U.S. intel, released in the declassified document below, refers to 175,000 Russian forces amassing in and around Ukraine. Worryingly, several pieces of artillery within Crimea have been identified. Russia’s military in the region is organized in battalion tactical groups (BTGs), allegedly manned by contracted soldiers. This allows Russia the opportunity to disavow its soldiers as merely insurgents, hence the common Ukrainian term “little green men”. A formidable force, they have combat experience in Ukraine from 2014, though they have been defeated at times. BTGs rely on inflicting a high amount of casualties and using paramilitary forces. As a result, deployed Russian BTGs are hard-pressed to gather reinforcements, as they often cannot rely on direct military aid.

Despite this, about 50 BTGs are currently deployed, with up to 100 BTGs potentially operating along the Ukrainian border. This does not include the active Russian-backed insurgents on the ground, who are intermittently engaged with Ukrainian forces.

Following these developments, President Biden had a phone call with President Putin. Allegedly, Putin asked that Biden guarantee Ukraine would never be admitted into NATO, which Biden refused. He countered that if Putin were to attack Ukraine, the United States would safeguard its allies in the region. Immediately following the phone call, U.S. National Security Advisor Jake Sullivan announced that U.S. defensive material was going to Ukraine and that the U.S. and its NATO allies would coordinate to guarantee Ukraine’s territorial integrity. He characterized the meeting as concise yet effective and claimed that Putin was engaged with the discussion.

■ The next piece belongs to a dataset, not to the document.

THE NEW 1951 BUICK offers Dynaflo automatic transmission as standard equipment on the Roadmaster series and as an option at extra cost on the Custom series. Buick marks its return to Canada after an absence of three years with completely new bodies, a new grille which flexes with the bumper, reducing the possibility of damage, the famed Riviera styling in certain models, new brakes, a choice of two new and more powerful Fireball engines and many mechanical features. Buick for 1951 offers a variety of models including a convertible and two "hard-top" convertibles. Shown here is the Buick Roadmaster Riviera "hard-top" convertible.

President Biden was direct and straightforward with President Putin, as he always is. He reiterated America’s support for Ukraine’s sovereignty and territorial integrity. 

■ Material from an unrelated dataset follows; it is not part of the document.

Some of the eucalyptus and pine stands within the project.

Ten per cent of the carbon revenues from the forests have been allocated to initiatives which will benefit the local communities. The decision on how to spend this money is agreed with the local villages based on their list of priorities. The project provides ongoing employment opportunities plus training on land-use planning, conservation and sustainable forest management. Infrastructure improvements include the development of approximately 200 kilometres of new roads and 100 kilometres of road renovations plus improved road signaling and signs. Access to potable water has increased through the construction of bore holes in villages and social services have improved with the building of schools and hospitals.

He told President Putin directly that if Russia further invades Ukraine, the United States and our European allies would respond with strong economic measures. We would provide additional defensive materiel to the Ukrainians above and beyond that which we are already providing. And we would fortify our NATO Allies on the eastern flank with additional capabilities in response to such an escalation. 

I just make it a practice not to characterize the other side’s position. He can speak for himself. I would say that his demeanor, like President Biden’s demeanor, was direct and straightforward. 

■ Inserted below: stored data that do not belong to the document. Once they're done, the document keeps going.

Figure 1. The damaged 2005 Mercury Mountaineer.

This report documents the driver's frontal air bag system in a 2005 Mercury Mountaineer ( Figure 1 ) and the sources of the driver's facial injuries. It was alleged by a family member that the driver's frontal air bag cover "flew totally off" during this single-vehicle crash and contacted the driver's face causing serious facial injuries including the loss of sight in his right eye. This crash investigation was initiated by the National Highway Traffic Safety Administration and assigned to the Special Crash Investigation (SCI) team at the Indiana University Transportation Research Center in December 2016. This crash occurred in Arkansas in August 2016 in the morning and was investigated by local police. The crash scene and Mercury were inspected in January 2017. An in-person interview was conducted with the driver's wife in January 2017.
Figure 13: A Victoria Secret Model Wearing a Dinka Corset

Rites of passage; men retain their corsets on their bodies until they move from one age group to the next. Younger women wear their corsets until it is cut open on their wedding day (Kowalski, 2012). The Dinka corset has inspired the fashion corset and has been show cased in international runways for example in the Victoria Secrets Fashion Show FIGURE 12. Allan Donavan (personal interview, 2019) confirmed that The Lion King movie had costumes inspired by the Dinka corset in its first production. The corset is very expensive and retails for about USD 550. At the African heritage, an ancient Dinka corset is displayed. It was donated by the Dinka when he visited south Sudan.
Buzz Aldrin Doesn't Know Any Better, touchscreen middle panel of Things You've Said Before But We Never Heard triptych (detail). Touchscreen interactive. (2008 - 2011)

And again, as I said in my opening remarks, this was a real discussion. It was give and take. It was not speeches. It was back and forth. President Putin was deeply engaged. And I’m going to leave it at that in terms of trying to characterize where he is. 

National Security Advisor Jake Sullivan via December 7th, 2021 Press Briefing

Following the meeting, Biden later spoke with the leaders of France, Germany, Italy, and the United Kingdom. During the conversation, each of the leaders confirmed their support and involvement for Ukraine and began talks for greater cooperation in regards to NATO and the EU’s involvement in the situation.

Right before his departure on December 8th, Biden himself was asked about his meeting with Putin. Biden ensured that, though U.S. troops are not on the table regarding deployment to defend Ukraine, they will defend the U.S.’s NATO allies. Though he reiterated that such an obligation does not extend to Ukraine, his statement begins underscoring the significance of Ukraine joining NATO.

President Zelensky had previously been wary of Biden, as, despite his repeated requests for a firm answer regarding Ukraine’s accession to NATO, Biden has instead reiterated his (the U.S.’) support for Ukraine’s sovereignty. Whether this is to minimize the chance of American deployment or to coordinate first with NATO leaders, it is hard to tell. But Zelensky’s recent call with Biden was, according to a Senior Government Official, laden with U.S. assurances that Ukraine would be supported by NATO. He additionally informed Zelensky of Biden’s engaging in Putin regarding a diplomatic solution.

He also explained that he had told President Putin that there is another option in terms of de-escalation and diplomacy. So, as part of that, the President underscored the United States’ continued support for the Normandy Format and ongoing efforts to implement the Minsk Agreements, including U.S. support for that overall process, which, of course, is led by our French and German allies.

SENIOR ADMINISTRATION OFFICIAL via December 9th, 2021 Background Press Call

From unconfirmed sources in Russia, rumors are supposedly spreading of a significant escalation/attack early in 2022, in either January or February.